Between Beauty and Darkness
What’s in your head between the beauty and the darkness? Which side do you dwell? I teeter between them. I can see both sides ever so clearly. Every single day I’m right there in the middle helping people go from life to death. There is beauty on both sides. Some can’t see it. My perspective is different since I can see the pain and suffering on the side of the living. When one transitions to the side of death their pain and suffering have ended. Unfortunately, that isn’t always the case since tragedy sometimes steals a beautiful young life. There is no preparation for this type of loss. It’s unfair and leads to much sorrow and sometimes anger. I’m not conditioned for this type of loss. Most people are not.
I carry them with me forever. A piece of them lives on with me.
I’ve come to know so many people. They come from every walk of life. Some are good people. Some where not. It doesn’t matter to me. What matters to me is that someone cares about them. Nobody is perfect. I don’t think anyone should die alone. Make no mistake people will die on their own terms. If they don’t want you there then they will wait until you leave. Don’t feel guilty. They gave you the ultimate gift of love. They knew you so well and how you would feel about watching them take their last breath. They knew that you would never forget that moment and would forever hold on to that pain. They loved you enough to shield you of that pain. Sometimes you aren’t in the right place in life to let go. Don’t ever feel bad that you weren’t there when your person left this world. They know how much you loved them.
Sending Someone Home is Hard
I’ve seen some leave. I’ve held their hands. I’ve cried and told them to let go. I tell them to go to the place that they were happiest in their life. It’s their heaven. I finally accepted the fact that I can’t save everyone. I don’t know if I ever have. I can help people die. I can make them comfortable. I can give them love. Everyone deserves love. It doesn’t matter what wrong they’ve done. It’s not for me to judge. I can’t tell you how many times my voice was the last one they heard. It’s devastating at times but I tell myself it’s for the greater good.
I will love you till the end
When they go I try my best to send them off looking their best. They deserve to look good. Everything I do for them is out of love. When it’s time for them to leave I walk along. I help get them into the van. I don’t leave their side until that vehicle drives away. This is the last act of love and respect I can show them. It hasn’t been easy but it’s been worth it.
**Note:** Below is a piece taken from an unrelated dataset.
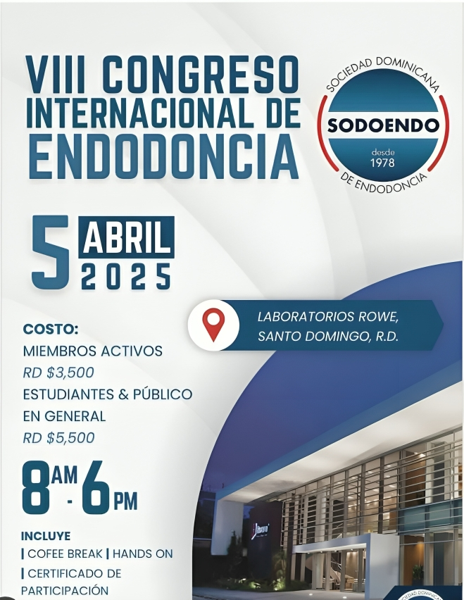 Santo Domingo. – La Sociedad Dominicana de Endodoncia se complace en invitar a participar en el VIII Congreso Internacional de Endodoncia, un evento que reunirá a reconocidos expertos nacionales e internacionales para compartir los últimos avances científicos y tecnológicos en esta especialidad.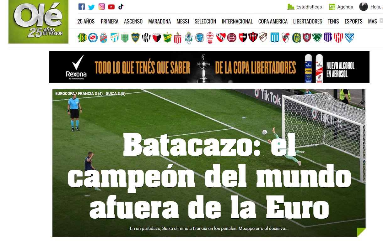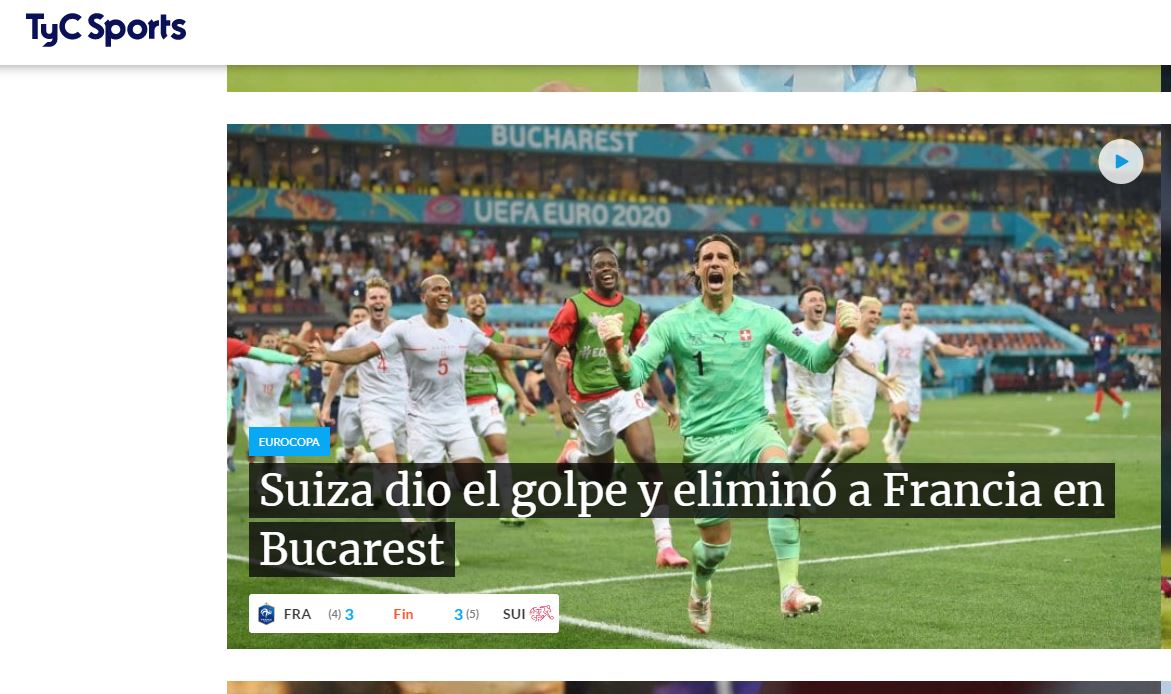 La gran sorpresa de la Eurocopa se dio en el enfrentamiento entre Francia y Suiza, siendo esta última la vencedora en una dramática tanda de penales en duelo de los Octavos de Final de la competición.

I will never forget them. Any of them. They all had a lesson to teach me. It was never the same thing. Some of them were skills while others were personal growth lessons. I loved them all. I’m grateful for them. They accepted me for who I am. They saw me. They really saw the person I am. This has been a painful decision to make. I will miss my work. It’s become my life. Change is hard. Growth is painful. I will be back soon but this time I will be a nurse.
It’s never goodbye.
I will see you there
I love you all and I know every one of you watch out for me. Someday when I’m old I know they will come back for me. Until we meet again.